A. Ghosal1,*, M. Sehgal2, N.K. Adhikary3, N.C. Sahu1
1Sasya Shyamala Krishi Vigyan Kendra, Ramakrishna Mission Vivekananda Educational and Research Institute, Kolkata-700 103, West Bengal, India.
2ICAR-National Research Centre for Integrated Pest Management, Pusa-110012, New Delhi, India.
3ICAR-All India Coordinated Research Projects on Vegetable, School of Agricultural Sciences and Rural Development, Nagaland University, Medziphema-797 106 Nagaland, India.
  • Submitted05-07-2022|

  • Accepted18-11-2022|

  • First Online 19-12-2022|

  • doi 10.18805/LR-5001

Background: Greengram the most important pulse crops in India suffers a lot due to infestation of many lepidopteran caterpillars mainly at its reproductive stage. Spilosoma obliqua Walk. Arctiidae, Lepidoptera commonly called Bihar hairy caterpillar (BHC) is categorized as the most devastating.
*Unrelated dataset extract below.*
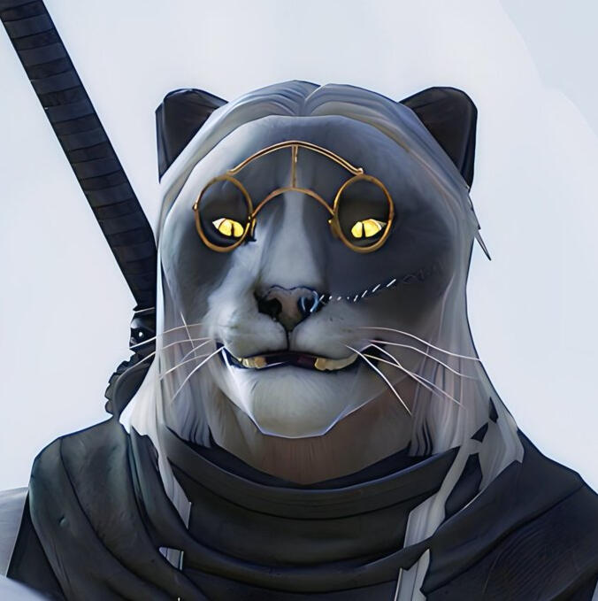 Blad the kat is a 23 year old khajiit, grey fur with long white hair, and yellow bright eyes. He wears glasses made of dwarven metal, and he often wears his nobal outfit with his favorite black scarf. He use to live in clockwork, but is now living in markarth. He has 4 nicknames "Khajiit Fabricant" "Bthlftahnd" "Dwemer kitty nerd" and "Wholesome Sussy Pants" -_-His biggest accomplisment was saving clockwork city from someone that tried to recreate the numidium to take over nirn, but they fail, and blad almost died so sotha sil rewarded blad with fabricant body parts that blad lost in battle.

Methods: Field efficacy of nine new generation popular insecticides were tested in coastal saline zone of West Bengal against BHC in greengram (IPM 2-3) during 2021-2022. Leaf dip bioassay study of those selected insecticides were also conducted to compute the LC50 value against the field collected as well as laboratory reared F2 generation 3rd instar larvae of BHC.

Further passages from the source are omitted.